··· Dataset content ···

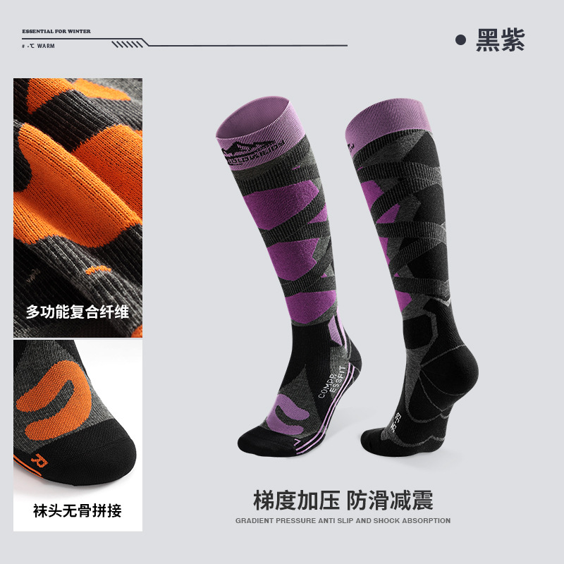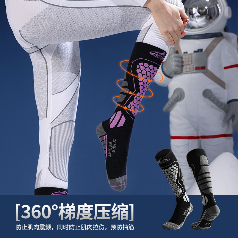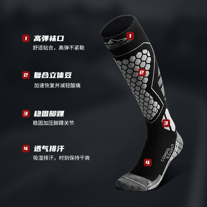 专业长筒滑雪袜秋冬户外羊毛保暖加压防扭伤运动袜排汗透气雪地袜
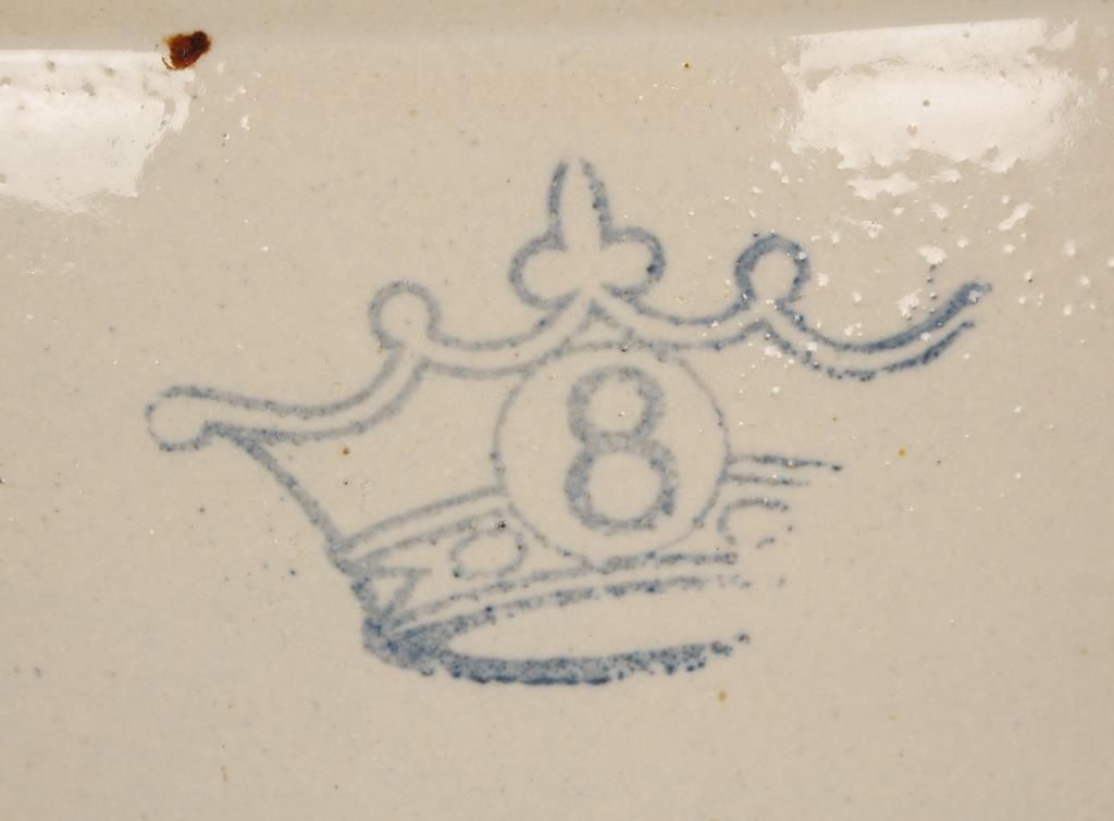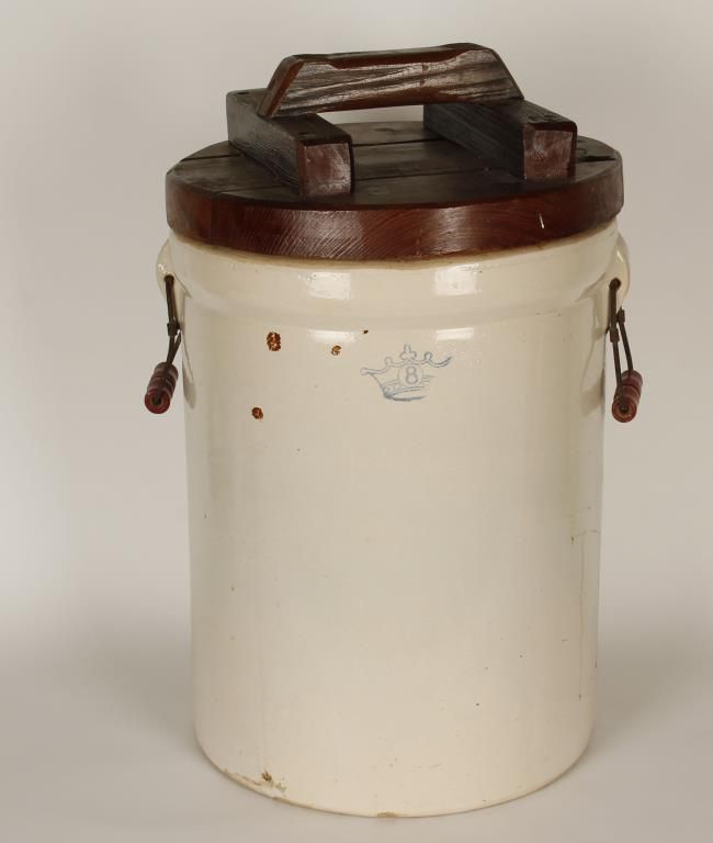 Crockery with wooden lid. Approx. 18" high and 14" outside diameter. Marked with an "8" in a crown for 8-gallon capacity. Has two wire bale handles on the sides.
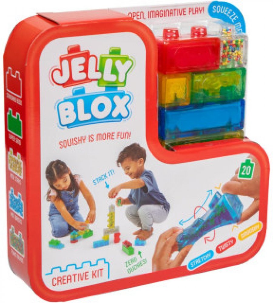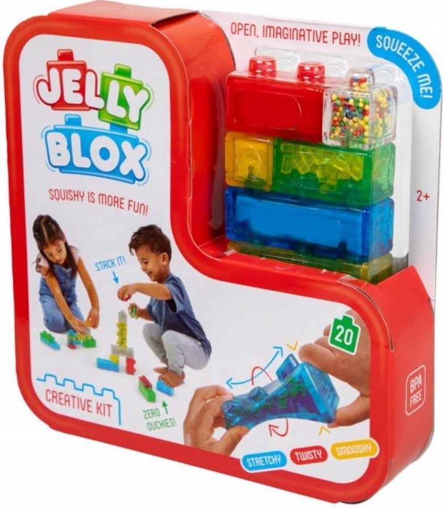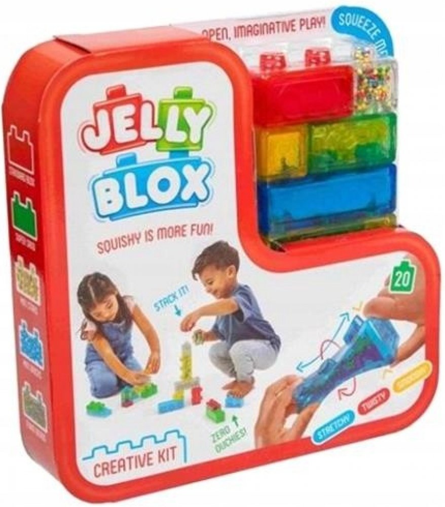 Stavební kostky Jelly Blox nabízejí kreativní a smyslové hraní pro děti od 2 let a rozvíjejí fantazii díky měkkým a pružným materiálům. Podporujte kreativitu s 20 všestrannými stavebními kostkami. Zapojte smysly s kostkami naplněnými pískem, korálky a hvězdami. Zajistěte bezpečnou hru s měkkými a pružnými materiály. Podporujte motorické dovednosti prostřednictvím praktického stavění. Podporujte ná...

···

Would you mind transcribing the material exactly, without the pictures?

◆ Task answer
 专业长筒滑雪袜秋冬户外羊毛保暖加压防扭伤运动袜排汗透气雪地袜
 Crockery with wooden lid. Approx. 18" high and 14" outside diameter. Marked with an "8" in a crown for 8-gallon capacity. Has two wire bale handles on the sides.
 Stavební kostky Jelly Blox nabízejí kreativní a smyslové hraní pro děti od 2 let a rozvíjejí fantazii díky měkkým a pružným materiálům. Podporujte kreativitu s 20 všestrannými stavebními kostkami. Zapojte smysly s kostkami naplněnými pískem, korálky a hvězdami. Zajistěte bezpečnou hru s měkkými a pružnými materiály. Podporujte motorické dovednosti prostřednictvím praktického stavění. Podporujte ná...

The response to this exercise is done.